I once heard a person say about his father with Alzheimer’s disease, “There’s no point in visiting him - he doesn’t even know my name anymore.” This was heartbreaking to me; just because a person with Alzheimer’s can’t remember your name, it certainly doesn’t mean that they do not know you on a deeper level or need your presence and love. My mother did not say my name during her last years, but the knowing smile or touch that she would give me left no doubt in my mind that she knew I was her daughter, and made my efforts to nurture her one of the most gratifying things I have ever done. I will always remember one day when my mother was first beginning to have trouble with word retrieval. I was at her house when someone stopped by and my mother said, “I want you to meet Priscilla. She’s my…” Suddenly she trailed off and I realized she couldn’t think of the word “daughter.” But then she finished with, “She’s my best friend.” I could not have had a greater compliment.

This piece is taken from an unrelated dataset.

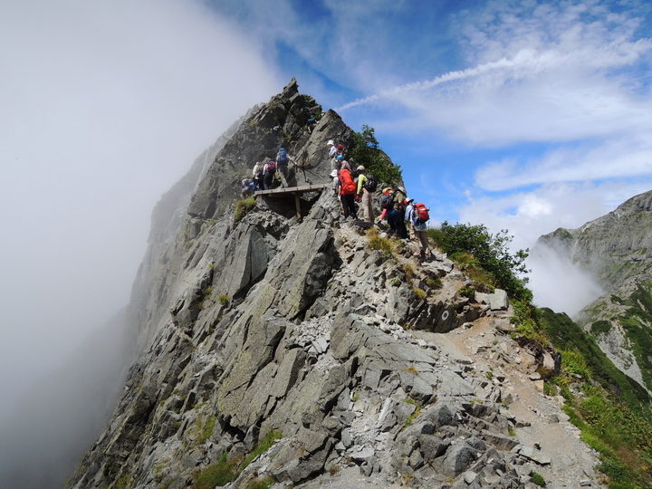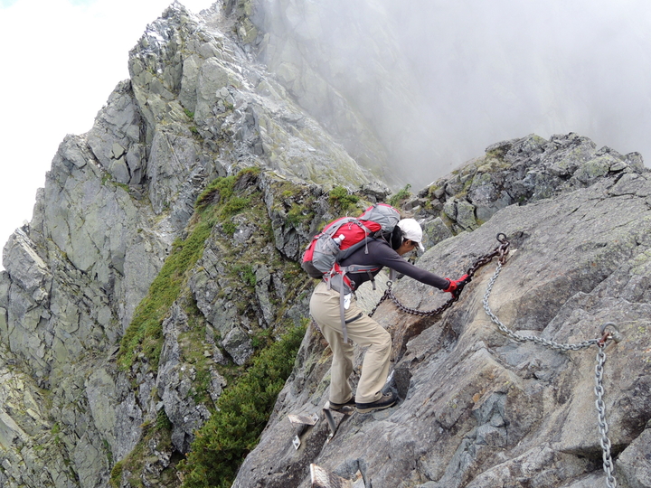 飛騨泣きはクサリと足場が付けられていて難易度は高くないが、足の下はスパッと何もなかった。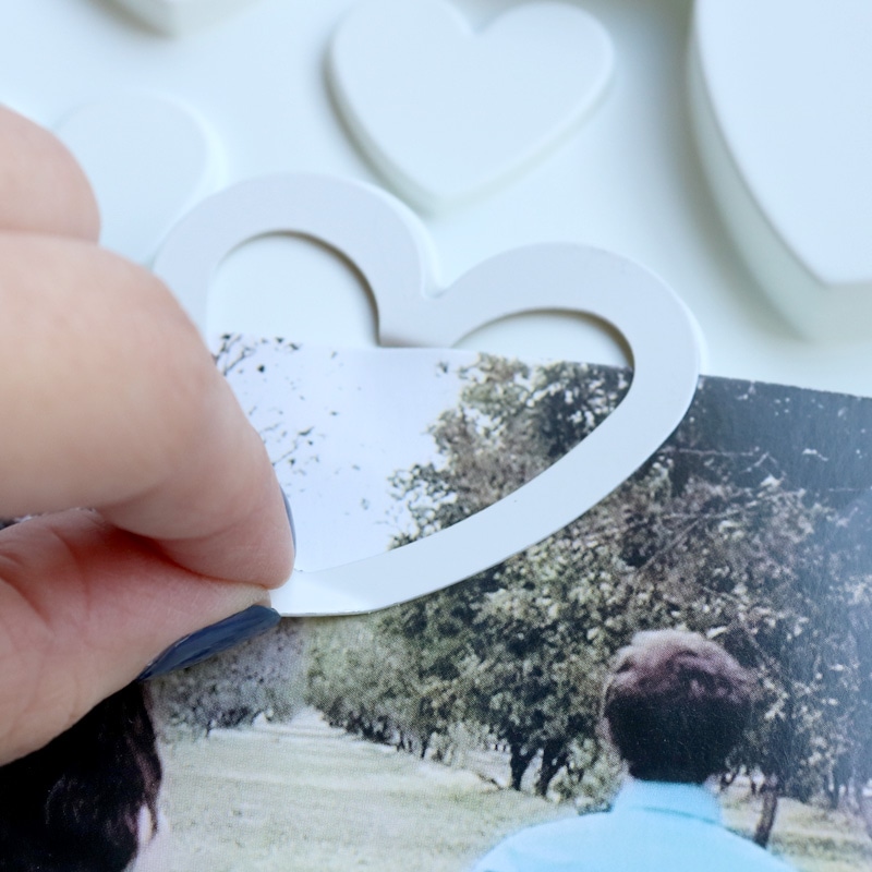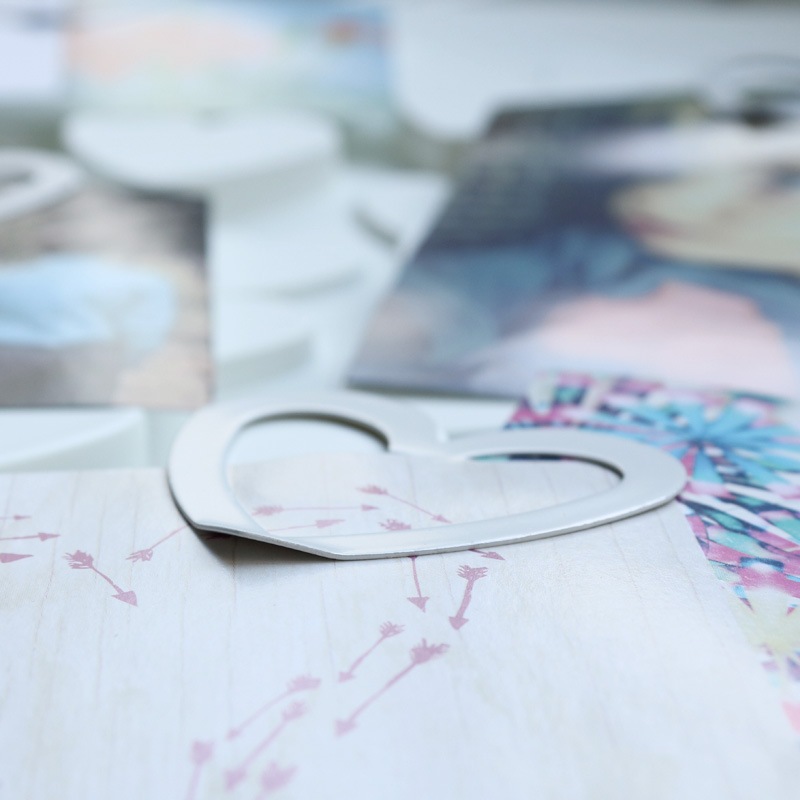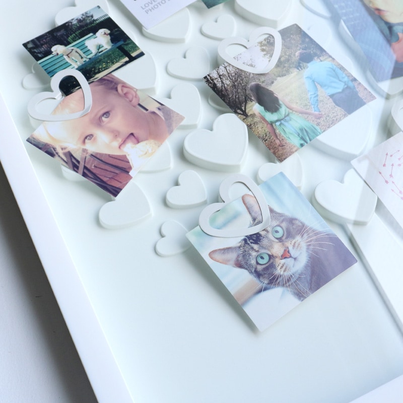 ハートの部分に写真を挿んでオリジナリティー溢れるディスプレイができる愛の溢れるフォトフレームです。クリップは全部で6個。お気に入りの写真はもちろんのこと、ポストカードや雑誌の切り抜き、カードなどを挿んでお楽しみいただけます。ブライダルや出産のお祝いなど、ギフトにもおすすめです。

As seen from the narrative, it is possible to create and maintain a satisfying role in the care of a loved one with Alzheimer’s disease. Indeed, the factors listed earlier as contributors to a positive caregiving experience resonate in the daughter’s narrative. For instance, the daughter describes how the special close relationship that she and her mother had in the past did not end with the onset of Alzheimer’s disease, but instead continued until her mother’s death. The daughter made use of their shared love of music in the past to elicit fond memories for her mother in the present. The daughter remembered the caring attention her mother provided during her childhood and now wanted to reciprocate; not because it was her duty, but simply because she wanted to. Her commentary is poignant and her conclusion is apt: she would treat her mother as she would want to be treated.